Neue Studien aus den USA/Migräneanfall: Nicht abwarten - sofort bekämpfen!
Frühzeitige Triptan-Einnahme vertreibt die Schmerzen effektiver/Experten: Wer zu lange zögert, schadet sich selbst
München (ots) - Menschen, die unter Migräne leiden, erleben heute die
segensreichen Ergebnisse wissenschaftlicher Forschung am eigenen
Leibe: Mit modernen Medikamenten aus der Gruppe der Triptane lassen
sich ihre quälenden Kopfwehattacken bei weitem effektiver und
schneller bekämpfen als mit den herkömmlichen Mitteln. Besonders
schnell lassen die Schmerzen dann nach, wenn das Migränemittel gleich
zu Beginn der drohenden Attacke genommen wird. Das hat eine n e u e
Studie mit Rizatriptan, dem Wirkstoff des Migränemittels Maxalt,
ergeben. Sie wurde auf dem Jahreskongress der amerikanischen
Neurologen in San Francisco vorgestellt.
Zu Beginn eines Migräneanfalls sind viele Migräniker hin- und
hergerissen und unschlüssig - sie wissen ja nicht, was sie erwartet.
Manche warten erst ab, ob die Schmerzen wirklich schlimmer werden,
andere möchten ihr wirksames Migränemittel nur bei schweren Attacken
zu Hilfe nehmen. Leider geht diese Strategie in aller Regel nach
hinten los: Wird das Triptan zu spät genommen, braucht es zur
Vertreibung der Schmerzen länger, als wenn es schon bei den ersten
Symptomen eines Anfalls eingesetzt wird, stellten Dr. Ninan T. Mathew
und Mitarbeiter aus Houston/Texas fest.
In ihrer Studie nahmen 74 Migräniker (68 Frauen und sechs Männer)

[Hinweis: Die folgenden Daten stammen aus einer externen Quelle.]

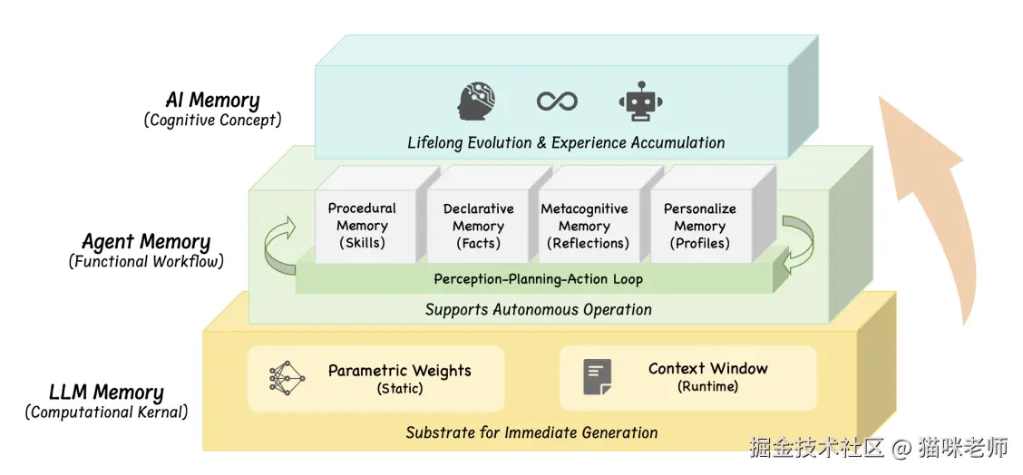 AI 记忆:是信息持久化与进化的最广义定义。它既包含人工认知的生物启发思路,也指向终身学习的最终目标。LLM 记忆提供预测引擎,智能体记忆管理面向任务的执行,而 AI 记忆则定义了终身进化与经验积累的框架,确保在多样化环境与长期交互中实现连续、自适应、符合人类偏好的生命周期。

bei drei Migräneattacken so früh wie möglich Rizatriptan ein, 38
weitere Versuchspersonen (35 Frauen und drei Männer) erhielten
lediglich ein Scheinmedikament (Placebo). Das eindeutige Ergebnis:
Die frühzeitige Einnahme des Maxalt-Wirkstoffs führte bei 45 Prozent
der Attacken bereits innerhalb der ersten Stunde zu Schmerzfreiheit.
Unter den zum Schein Behandelten waren lediglich acht Prozent der
Attacken schmerzfrei. Innerhalb von zwei Stunden bewirkte Rizatriptan
bei 70 Prozent der Attacken eine dauerhafte Schmerzfreiheit, die
wirkstofffreie Pille half nur bei 22 Prozent der Attacken.

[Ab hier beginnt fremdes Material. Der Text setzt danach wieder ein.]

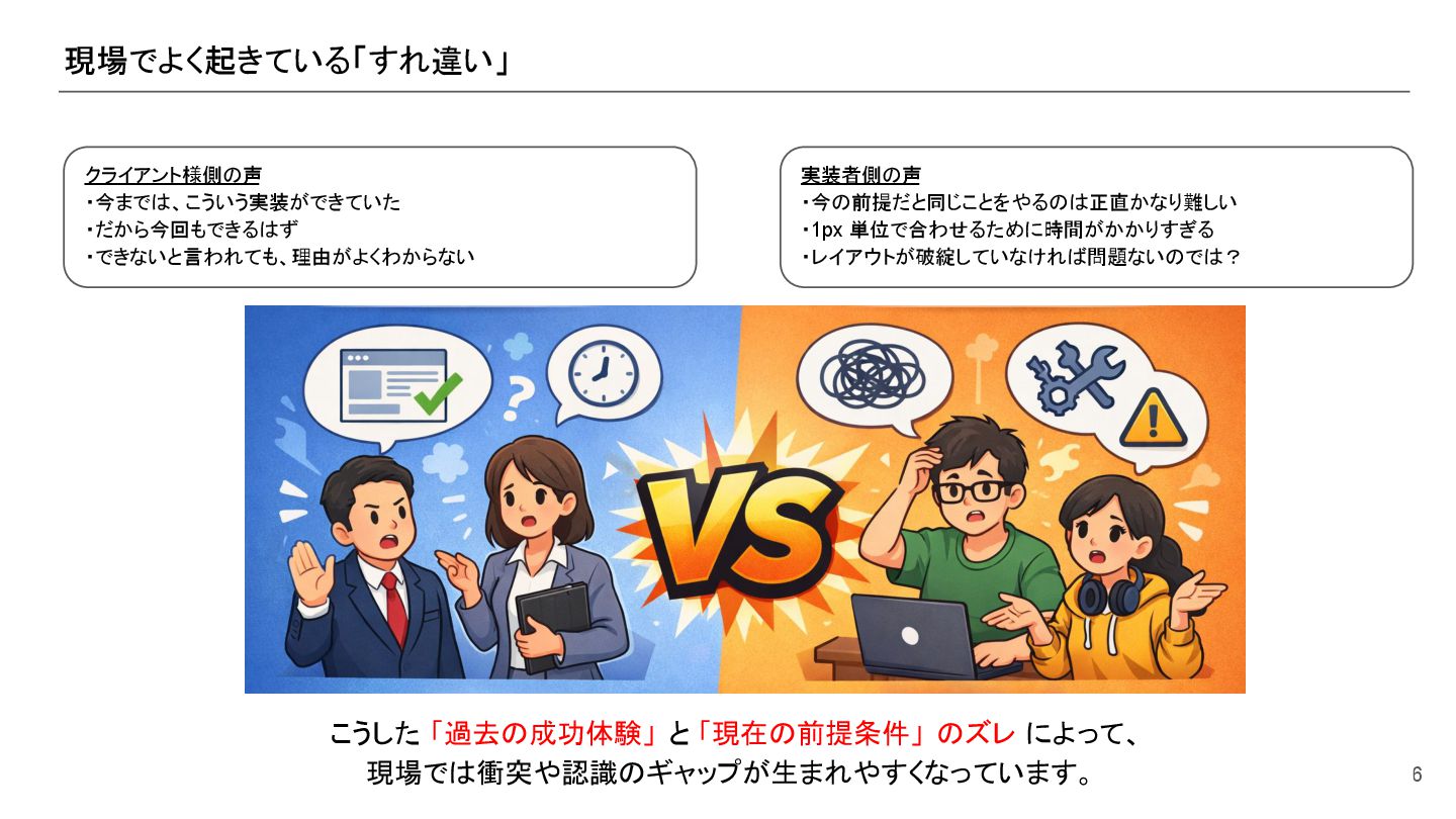 現場でよく起きている「すれ違い」 6 こうした 「過去の成功体験」 と 「現在の前提条件」 のズレ によって、 現場では衝突や認識のギャップが生まれやすくなっています。 実装者側の声

In die gleiche Richtung weist eine Studie der Harvard-Universität
in Boston. Dort untersuchte man eine typische Begleiterscheinung
vieler Migräneattacken, die überschießende Berührungsempfindlichkeit
der Haut im Gesicht und am Kopf, medizinisch kutane Allodynie
genannt. In diesem Stadium des Anfalls reagiert der Betroffene
gleichsam wie die "Prinzessin auf der Erbse" und empfindet schon ein
leichtes Streicheln oder eine sanfte Berührung als schwere Qual.

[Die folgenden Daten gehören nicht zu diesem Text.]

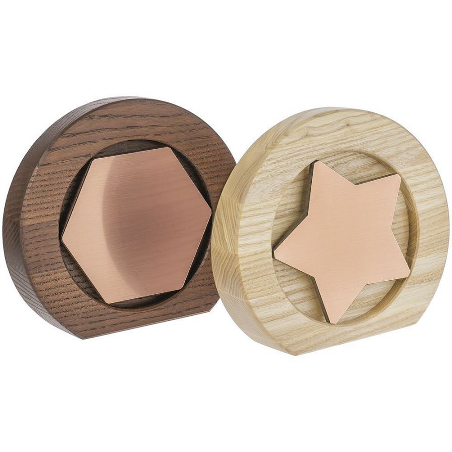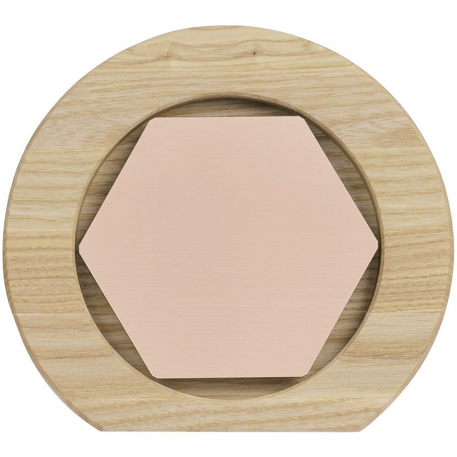 Вставка с шестигранником из зеркального пластика на деревянной основе крепится на приподнятое основание внутри стелы, что создает объем и многослойность награды. На вставке предусмотрен клеевой слой для крепления после нанесения.

Die zentrale Sensibilisierung fängt in der ersten Stunde nach
Beginn der Migräneschmerzen an und erreicht nach zwei bis vier
Stunden ihr Maximum.
Wird das Triptan innerhalb einer Stunde nach Auftreten der ersten
Symptome eingenommen, also vor einer solchen Sensibilisierung der
Nerven, verspüren 93 Prozent der Migräniker innerhalb von zwei
Stunden keine Schmerzen mehr. Hatte sich zum Zeitpunkt der Einnahme
bereits eine Allodynie entwickelt, wurden im gleichen Zeitraum
dagegen nur 15 Prozent der Patienten ihre Schmerzen los.
Das Fazit aus dieser Studie: Wer mit der Einnahme seines Triptans
zu lange zögert, schadet sich selbst. Wer dagegen schon beim ersten
Anzeichen auf eine drohende Attacke zu Maxalt greift, hat große
Chancen, die Schmerzen bald wieder los zu sein.